>>85b487e8
>only hidden boards could be a wipe-safe harbor - unless all board names will be bruteforced to find survivors.
It's also possible to implement passwords for boards. Boards themselves are barebones right now (just being an address) actually the boards can also be fleshed out with different configurable properties, with configuration settings subject to the same type of moderation scheme as post deletion currently is. Users are free to alter their client or access control logic for this as well, so if you have lots of configuration divergence it could lead to "canonic splintering" of a given board's state type of thing,
Even now the semi-hardcoded (in config/validation.json) max filesize is 4MB, but this could be made a board-specific setting (maybe would make more sense if each board has its own files pool in that case). However if you edit this yourself, you will be able to post larger files than 4MB, but other users won't consider those files valid unless they also increase their own allowed limit.
>>cd3994cc
>But in a future it can be useful to know what exactly is being deleted and from which channel deletion is broadcasted
This can be logged and possibly stored somewhere. Under the hood Peerbit does mark items that have been explicitly deleted and doesn't just forget about them (there are two things it can do.. "delete" (erase and it was deleted), and "prune" (just erase the data)), but this isn't currently hooked up to the querying logic or anything. A way around that is to store it ourselves or at least log it in the console, or it's also possible to add this custom behavior into the Peerbit aspect of the code itself.
>>40183b23
I'm gladdened. Hopefully we can figure out some sort of more simple anonymity solution that works nicely for our case as well so it's easier for people to do.
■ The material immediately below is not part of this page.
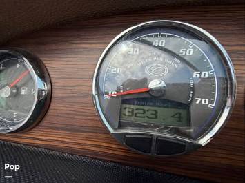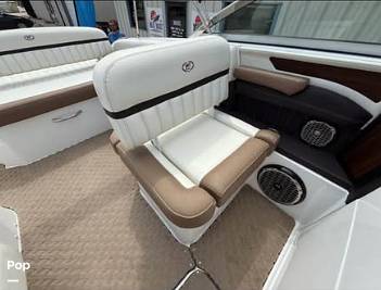 Key features include a wet bar with a refrigerator, a flip-down swim step, and a Garmin chart plotter/fish finder, making it a versatile and well-equipped boat.

>Gladden can be governed only by advanced wipers lol
hehe :)
>>86a58f5e
Yeah... it's also definitely something it seems we have to accept the existence of, and in some cases I think this has already happened. But in a way it's just another form of life sort of thing, humans never truly existed in a vaccum in the sense of, we've always been influenced by and part of and embedded in nature, AI's or self-sustaining automated conversation/digital information transfer is maybe another network to be woven into the biosphere. I sometimes think about how much meaning is being transmitted by birds chirping and insects buzzing, maybe not as intuitively comprehensible to humans as the ones making the sounds themselves.